Two HIV-1 intersubtype recombinant forms are circulating widely in populations and have become important strains in the pandemic: CRF01_AE in Southeast Asia and CRF02_AG in West and West Central Africa, respectively. Several other circulating recombinant forms (CRF) have also been identified, but with fewer numbers of infections and/or more limited geographic spread. Here we expand knowledge of HIV-1 CRF using clinical samples, principally from West Africa, that were difficult to classify by partial genome sequencing. DNA was extracted from primary patient peripheral blood mononuclear cells (PBMC). The virtually complete HIV-1 genome was amplified by polymerase chain reaction (PCR) and directly sequenced. Additional strains were characterized by partial envelope sequencing. Phylogenetic analysis was used to identify and map intersubtype recombination breakpoints. Four virtually complete genome sequences and two partial envelope sequences represent CRF09_cpx, a newly identified complex recombinant HIV-1 whose principal focus seems to be in West Africa. This recombinant includes segments of subtypes A, F, G, and unclassified genetic material. It shares unique unclassified regions with the early Zaire strain Z321. There are similarities in structure, but considerable genetic distances, between CRF09_cpx and CRF02_AG IbNG. In conclusion, it is possible that this CRF shared common ancestors with both Z321 and CRF02_AG in the course of the pandemic, perhaps arising by recombination between earlier forms of these strains. Although newly identified, at least one infection with CRF09_cpx has already occurred outside of Africa.

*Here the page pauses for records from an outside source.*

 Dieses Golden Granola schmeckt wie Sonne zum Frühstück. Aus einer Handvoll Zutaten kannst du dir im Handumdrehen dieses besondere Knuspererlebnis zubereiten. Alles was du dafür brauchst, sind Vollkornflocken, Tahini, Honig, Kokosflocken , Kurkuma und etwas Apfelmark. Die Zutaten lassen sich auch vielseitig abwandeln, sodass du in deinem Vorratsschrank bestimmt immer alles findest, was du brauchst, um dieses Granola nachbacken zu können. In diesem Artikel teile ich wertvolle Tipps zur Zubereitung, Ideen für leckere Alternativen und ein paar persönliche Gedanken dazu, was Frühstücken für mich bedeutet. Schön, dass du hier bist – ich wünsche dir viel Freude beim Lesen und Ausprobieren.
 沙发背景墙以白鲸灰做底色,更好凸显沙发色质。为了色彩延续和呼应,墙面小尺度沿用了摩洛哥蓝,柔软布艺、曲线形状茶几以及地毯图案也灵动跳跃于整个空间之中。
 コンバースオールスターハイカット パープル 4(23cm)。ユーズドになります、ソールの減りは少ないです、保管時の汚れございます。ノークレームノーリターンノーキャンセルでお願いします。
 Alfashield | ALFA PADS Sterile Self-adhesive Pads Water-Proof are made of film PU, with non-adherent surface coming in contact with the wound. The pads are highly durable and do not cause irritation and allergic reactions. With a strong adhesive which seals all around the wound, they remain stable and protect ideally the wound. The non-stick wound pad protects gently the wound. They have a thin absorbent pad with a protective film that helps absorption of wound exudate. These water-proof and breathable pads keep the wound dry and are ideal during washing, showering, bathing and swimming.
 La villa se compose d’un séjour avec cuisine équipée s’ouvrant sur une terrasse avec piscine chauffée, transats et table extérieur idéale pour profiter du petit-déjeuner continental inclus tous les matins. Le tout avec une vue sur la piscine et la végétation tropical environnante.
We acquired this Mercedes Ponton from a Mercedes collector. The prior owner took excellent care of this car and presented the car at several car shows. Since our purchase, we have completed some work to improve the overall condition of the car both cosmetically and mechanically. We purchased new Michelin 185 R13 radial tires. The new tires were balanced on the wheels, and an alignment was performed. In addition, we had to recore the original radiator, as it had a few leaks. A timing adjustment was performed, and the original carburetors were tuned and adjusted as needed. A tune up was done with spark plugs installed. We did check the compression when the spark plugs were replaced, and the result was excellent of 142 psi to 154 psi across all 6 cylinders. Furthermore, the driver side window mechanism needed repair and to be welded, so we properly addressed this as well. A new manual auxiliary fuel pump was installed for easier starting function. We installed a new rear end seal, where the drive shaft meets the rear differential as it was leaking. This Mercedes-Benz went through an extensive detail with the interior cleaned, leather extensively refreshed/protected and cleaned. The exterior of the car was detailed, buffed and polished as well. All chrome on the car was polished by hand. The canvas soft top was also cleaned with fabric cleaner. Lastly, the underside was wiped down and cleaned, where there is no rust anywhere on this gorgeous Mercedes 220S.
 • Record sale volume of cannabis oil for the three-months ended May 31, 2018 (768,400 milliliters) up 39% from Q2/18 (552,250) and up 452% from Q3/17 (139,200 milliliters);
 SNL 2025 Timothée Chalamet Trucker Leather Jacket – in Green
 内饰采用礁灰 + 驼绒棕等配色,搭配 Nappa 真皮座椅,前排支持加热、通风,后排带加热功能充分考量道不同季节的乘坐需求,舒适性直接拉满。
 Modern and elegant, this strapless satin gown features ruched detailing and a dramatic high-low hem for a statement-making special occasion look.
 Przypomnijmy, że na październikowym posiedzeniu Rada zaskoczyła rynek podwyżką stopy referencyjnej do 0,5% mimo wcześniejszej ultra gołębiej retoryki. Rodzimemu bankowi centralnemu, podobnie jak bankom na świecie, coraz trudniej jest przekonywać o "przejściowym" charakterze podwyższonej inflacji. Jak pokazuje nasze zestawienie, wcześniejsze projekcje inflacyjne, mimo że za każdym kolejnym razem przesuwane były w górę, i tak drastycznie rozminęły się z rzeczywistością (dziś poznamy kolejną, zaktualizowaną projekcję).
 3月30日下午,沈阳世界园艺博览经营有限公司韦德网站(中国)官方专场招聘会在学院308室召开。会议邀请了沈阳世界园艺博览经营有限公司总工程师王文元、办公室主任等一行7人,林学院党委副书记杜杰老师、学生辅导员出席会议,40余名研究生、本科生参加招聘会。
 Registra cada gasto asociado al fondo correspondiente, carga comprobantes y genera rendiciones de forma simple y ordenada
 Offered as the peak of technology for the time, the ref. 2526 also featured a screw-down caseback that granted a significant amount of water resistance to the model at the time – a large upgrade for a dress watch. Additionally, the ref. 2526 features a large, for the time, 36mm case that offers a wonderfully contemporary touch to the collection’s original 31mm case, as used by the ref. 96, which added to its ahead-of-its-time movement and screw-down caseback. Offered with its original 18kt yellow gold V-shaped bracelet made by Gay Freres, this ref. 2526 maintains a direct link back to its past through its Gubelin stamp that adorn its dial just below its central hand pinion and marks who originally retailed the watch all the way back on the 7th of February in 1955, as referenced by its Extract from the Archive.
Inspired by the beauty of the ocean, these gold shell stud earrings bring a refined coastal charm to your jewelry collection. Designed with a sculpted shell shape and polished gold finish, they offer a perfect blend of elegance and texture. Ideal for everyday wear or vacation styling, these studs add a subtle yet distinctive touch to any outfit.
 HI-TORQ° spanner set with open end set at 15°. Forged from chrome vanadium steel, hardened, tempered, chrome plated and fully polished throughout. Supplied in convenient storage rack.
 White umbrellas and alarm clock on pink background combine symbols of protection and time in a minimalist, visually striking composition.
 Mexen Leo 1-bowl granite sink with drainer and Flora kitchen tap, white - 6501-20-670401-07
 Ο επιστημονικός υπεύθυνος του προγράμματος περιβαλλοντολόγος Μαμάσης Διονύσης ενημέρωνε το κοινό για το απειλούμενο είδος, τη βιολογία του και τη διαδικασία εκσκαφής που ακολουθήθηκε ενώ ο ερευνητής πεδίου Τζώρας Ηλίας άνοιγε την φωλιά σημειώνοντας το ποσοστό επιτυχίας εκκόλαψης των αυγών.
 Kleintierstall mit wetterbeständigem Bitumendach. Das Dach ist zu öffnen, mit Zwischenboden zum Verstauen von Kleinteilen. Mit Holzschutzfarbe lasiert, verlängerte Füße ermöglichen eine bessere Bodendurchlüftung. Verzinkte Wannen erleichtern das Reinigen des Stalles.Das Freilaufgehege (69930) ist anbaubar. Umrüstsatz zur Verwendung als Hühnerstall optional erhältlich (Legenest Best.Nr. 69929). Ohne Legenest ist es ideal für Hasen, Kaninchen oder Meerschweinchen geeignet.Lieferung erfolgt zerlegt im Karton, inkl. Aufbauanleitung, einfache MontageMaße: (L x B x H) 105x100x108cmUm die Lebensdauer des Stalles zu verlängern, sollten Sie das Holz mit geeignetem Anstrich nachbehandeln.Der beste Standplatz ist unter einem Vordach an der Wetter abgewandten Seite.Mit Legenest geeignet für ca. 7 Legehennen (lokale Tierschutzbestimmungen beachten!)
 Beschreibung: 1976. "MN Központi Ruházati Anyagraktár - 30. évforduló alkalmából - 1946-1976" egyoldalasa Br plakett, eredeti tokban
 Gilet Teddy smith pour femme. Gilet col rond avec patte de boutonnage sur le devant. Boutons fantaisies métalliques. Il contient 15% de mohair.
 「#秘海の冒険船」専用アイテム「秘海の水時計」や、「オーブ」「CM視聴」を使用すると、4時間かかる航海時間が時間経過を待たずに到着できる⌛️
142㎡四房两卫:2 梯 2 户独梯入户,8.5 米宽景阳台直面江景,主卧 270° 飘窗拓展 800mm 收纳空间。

A cluster of HIV type 1 subtype C sequences from Ethiopia, observed in full genome analysis, is not sustained in subgenomic regions.

The impact of HIV-1 genetic diversity on candidate vaccines is uncertain. One approach to minimize genetic diversity in the evaluation of HIV-1 vaccines is to match the vaccine sequence to the predominant subtype in a vaccine cohort. Over two million Ethiopians are infected with HIV-1, and the predominant subtype is thought to be subtype C. Understanding the phylogenetic relationships between sequences from Ethiopia and within subtype C can help decide what sequence(s) should comprise a candidate vaccine. To that end, nearly full genome sequencing was used to characterize HIV-1 from volunteers who emigrated from Ethiopia. DNA extracted from peripheral blood mononuclear cells (PMBC) was amplified using primers in the long terminal repeats to generate nearly full-length genomes. Amplicons were directly sequenced with dye terminators and automated sequencers. Sequences were phylogenetically analyzed by neighbor joining. The six new Ethiopian sequences were all subtype C, consistent with previous partial and full genome analysis. Together with two other Ethiopian sequences, the new sequences formed a geographic cluster when the complete genome was analyzed. However, subgenomic trees showed only a weak geographic cluster, or none, with respect to Ethiopian strains. Although immunological responses must be considered, from a phylogenetic perspective, there is no compelling support for use of Ethiopian subtype C sequences, compared to other subtype C, as vaccine prototype strains.